Why is $\mathbb{Z}[\sqrt{-4}] = \mathbb Z[2i]$ not a UFD?

Question

Why is $\mathbb{Z}[\sqrt{-4}] = \mathbb Z[2i]$ not a UFD?

$\mathbb Z[2i] = {a+bi}$ where $b$ is even. How do I show this since $4$ is not square-free?

Answer 1

Alternatively, you can exhibit an irreducible element which is not prime. It is easy to check that $2i$ is irreducible, but it is not prime, since $2i\mid 4=2\times 2$ but $2i\nmid 2$.

Answer 2

$$-4=-2*2$$ $$-4=2i*2i$$

First, we need to show these are irreducible factorizations, so we need to show $2$, $-2$, and $2i$ are irreducible. Notice that $\lvert z \rvert=2$ is true for all of these complex numbers, so we'll simply prove it for that case. Let's say we have the following for $a, b, c, d \in \Bbb{Z}$: $$z=(a+2bi)(c+2di)$$

We need to show that either $a+2bi$ or $c+2di$ is a unit. Take the modulus of both sides:

$$2=\sqrt{a^2+4b^2}\sqrt{c^2+4d^2}=\sqrt{a^2c^2+4a^2d^2+4b^2c^2+16b^2d^2}$$

Square both sides.

$$4=a^2c^2+4a^2d^2+4b^2c^2+16b^2d^2$$

If both $b$ and $d$ are non-zero, then clearly, the right side is going to greater than $4$ because of the $16b^2d^2$, so either $b=0$ or $d=0$. Without loss of generality, say $b=0$.
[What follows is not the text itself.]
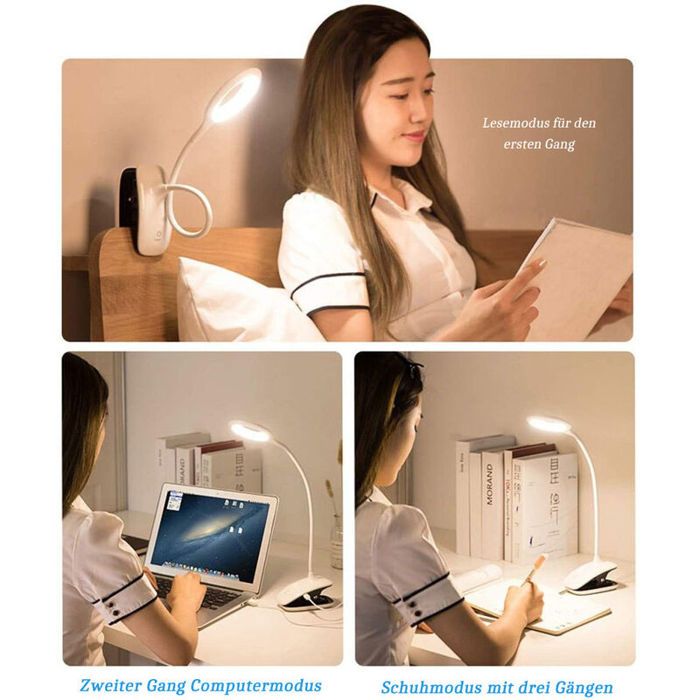 Lampe De Bureau à Pince, Lampe De Lecture Led Flexible Avec Lumière Adjustable En 3 Couleurs Et éclairage Lecture Lit Bureau Méthode de contrôle : fonctionnement à un seul bouton. Utilisant le port USB Type-C largement adopté, elle se recharge complètement en seulement 120 minutes et prend en charge la recharge pendant son utilisation. La lampe de bureau reste pleinement fonctionnelle pendant le chargement, bien que l'efficacité du chargement puisse être légèrement réduite lorsqu'elle est utilisée simultanément. Que ce soit dans votre lit, dans un dortoir ou dans les transports en commun, vous pouvez orienter librement la lumière pour créer un espace de lecture privé sans déranger les autres, ce qui vous permet d'adopter des positions de lecture plus confortables. Combinée à son système de recharge, elle élimine complètement l'encombrement des câbles, ce qui en fait le compagnon idéal pour la lecture nocturne à la maison ou en voyage. Son corps compact et flexible se glisse facilement dans n'importe quel coin de sac. Col de Cygne Fflexible pour un éclairage Personnalisé: Dotée d'un tube flexible à 360° qui se plie sans effort et maintient fermement n'importe quel angle. Caractéristiques : Modes de température de couleur : trois températures de couleur disponibles. Lampe De Lecture Rechargeable, Lampe Clip Pour Lire Dans Le Lit, Usb Rechargeable, 3 Couleurs Et Lumière chaude (3000 K) : crée une atmosphère chaleureuse et relaxante, idéale pour la lecture avant de se coucher. Pliable à 360° - tu diriges la lumière exactement où tu veux. Alimentée par USB - pratique pour voyage ou maison. Parfaite pour lire au lit, travailler ou... Active la lumière blanche chaude confortable par défaut ; une brève pression permet de changer instantanément. Lumière blanche chaude (4500 K) : éclairage par défaut confortable et naturel qui soulage efficacement la fatigue oculaire. Grâce à sa puissance durable et à sa recharge rapide, elle permet de gérer sans effort les longs voyages et les tâches quotidiennes au bureau. Le clignotement de la lumière est une fonction normale (par exemple, lorsque la luminosité maximale est atteinte) et n'indique pas un défaut du produit. Appui court après 30 secondes de fonctionnement : extinction rapide de la lumière. Que vous ayez besoin d'un éclairage nocturne doux ou d'un éclairage supplémentaire puissant, le contrôle précis garantit une expérience d'éclairage entièrement personnalisée et confortable. EN STOCK : Lampe de Lecture à Pince, Liseuse Lampe LED, 360° Lampe Clipsable Pince Luminosité Réglable 3 Couleurs Portable pour Travail Voyage, MSISGM MJ K0297 250513 21 pas cher. Livraison rapide partout en France Appui court : mise sous/hors tension ou changement de température de couleur (séquence : blanc → chaud → éteint ; par défaut, blanc chaud à la mise sous tension). Batterie Longue Durée avec Recharge Rapide: Dotée d'une endurance impressionnante, elle offre plus de 60 heures d'utilisation continue à la luminosité minimale et 5 heures en mode haute luminosité.

$$4=a^2c^2+4a^2d^2=a^2(c^2+4d^2)$$

If $\lvert d \rvert > 1$, then $4d^2 > 4$, making the whole right side greater than $4$, so either $d=0$ or $d=\pm 1$. If $d=0$, then we have $4=a^2c^2$, so $\pm 2=\pm ac$. Since $\pm 2$ are prime in $\Bbb{Z}$, $\pm ac$ must be a trivial product. On the other hand, if $d=\pm 1$, then we have $4=a^2(c^2+4)=a^2c^2+4a^2$. Clearly, $4a^2 \geq 4$, but the left-hand side equals $4$, we also have $4a^2 \leq 4$, meaning $4a^2=4$ and $a=1$. Thus, this is also a trivial product. This shows that all cases lead to a trivial product, so $2$, $-2$, and $2i$ are irreducible in $\Bbb{Z}[2i]$.

Now, we need to show that these factorizations are different up to associates. We can show this by contradiction. Assume $2ia=-2$ and $2ib=2$ for some units $a, b \in \Bbb{Z}[2i]$. If this is generalized to $\Bbb{Q}[i]$, we can use the properties of a field to show that $a=i$ and $b=-i$ are the only possibilities. However, these elements have odd coefficients of $i$ and are therefore not in $\Bbb{Z}[2i]$. Thus, we have a contradiction and these two factorizations must be different.

Since $-4$ has multiple factorizations that are not associates of each other, $\Bbb{Z}[2i]$ is not a UFD.

(Also, the first factorization is only possible because $4$ is a perfect square.)

Answer 3

One can show that a UFD is integrally closed in its field of fractions (see here for a proof). Note that the field of fractions of $\mathbb{Z}[2i]$ is $\mathbb{Q}(i)$. Since $i \in \mathbb{Q}(i)$ satisfies the monic polynomial $x^2 + 1$, then it is integral over $\mathbb{Z}[2i]$ (and even over $\mathbb{Z}$). However, $i \notin \mathbb{Z}[2i]$ so $\mathbb{Z}[2i]$ is not integrally closed, hence is not a UFD.